En el caso del túnel tibial, cuando se realiza un recambio en un tiempo suele ser porque el túnel esta correctamente posicionado. Después de realizar el abordaje anterointerno en la tibia proximal, se localiza el punto de entrada del túnel previo en la cortical de la tibia. Con la misma guía con la que realizamos habitualmente el túnel tibial en un LCA primario, se realiza de nuevo el túnel tibial limpiando los restos de la plastia y del sistema de fijación previos. Posteriormente, dependiendo del diámetro final del túnel y del tipo de plastia que se va a utilizar, se realizará la fijación tibial con un nuevo tornillo interferencial, asociándolo en ocasiones a una fijación adicional cortical en la tibia.

En cuanto al tipo de plastia, al igual que en la cirugía primaria, deberemos escoger entre un auto- o aloinjerto.

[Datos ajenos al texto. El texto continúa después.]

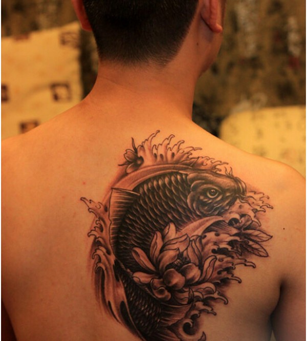 时尚男士背部个性好看的鲤鱼莲花纹身图片
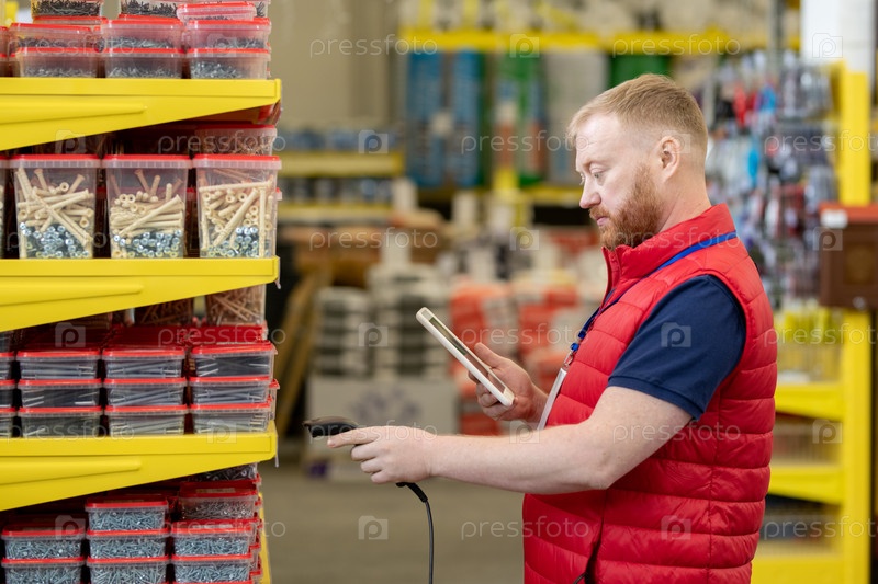 Прохожий в магазине с планшетом, используя сканер во время проверки цен
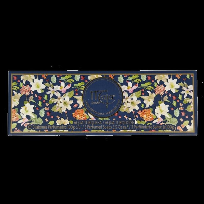 Le coffret cadeau de savons Maja Aqua Turquesa propose un soin rafraîchissant pour une peau douce. Ces trois savons de luxe associent des notes florales et aquatiques pour procurer une sensation de fraîcheur tout au long de la journée. Ce produit constitue un choix sans plastique pour l'entretien de la peau.
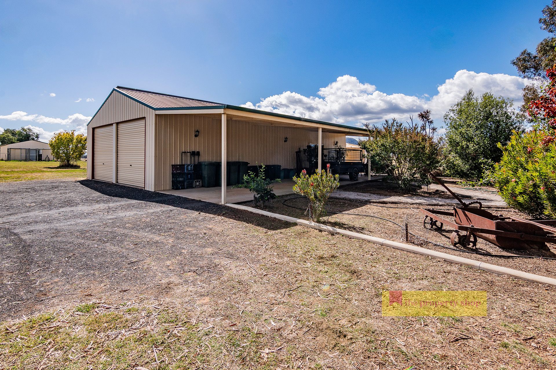 - 15mx8m shed, with concrete floor, ceiling fans, single phase power & solar power connected. With an additional 15mx4m awning attached for an additional 2 car spaces.

En este sentido, las ventajas e inconvenientes van a ser similares a las de la cirugía primaria del LCA. Diferentes estudios, entre ellos uno del registro danés, con más de 1.600 cirugías de recambio registradas, demuestran un índice de fracaso de la cirugía de revisión 2,2 veces superior cuando se utilizan aloinjertos, además de una mayor laxitud anterior (0,4 mm de media y sin repercusión clínica aparente) respecto al autoinjerto, después de un año de seguimiento(47,48,49).

Recambio en dos tiempos

Cuando la cirugía de recambio de la plastia se realiza en dos tiempos, el objetivo principal de la primera intervención es conseguir que, para la segunda, la reconstrucción sea lo más parecida posible a una cirugía primaria del LCA. No obstante, todavía no existe consenso en las indicaciones para realizar el recambio en dos tiempos(22).

Para ello, se realizan los portales artroscópicos habituales y se retiran todos los restos de la plastia del LCA previa no funcionales.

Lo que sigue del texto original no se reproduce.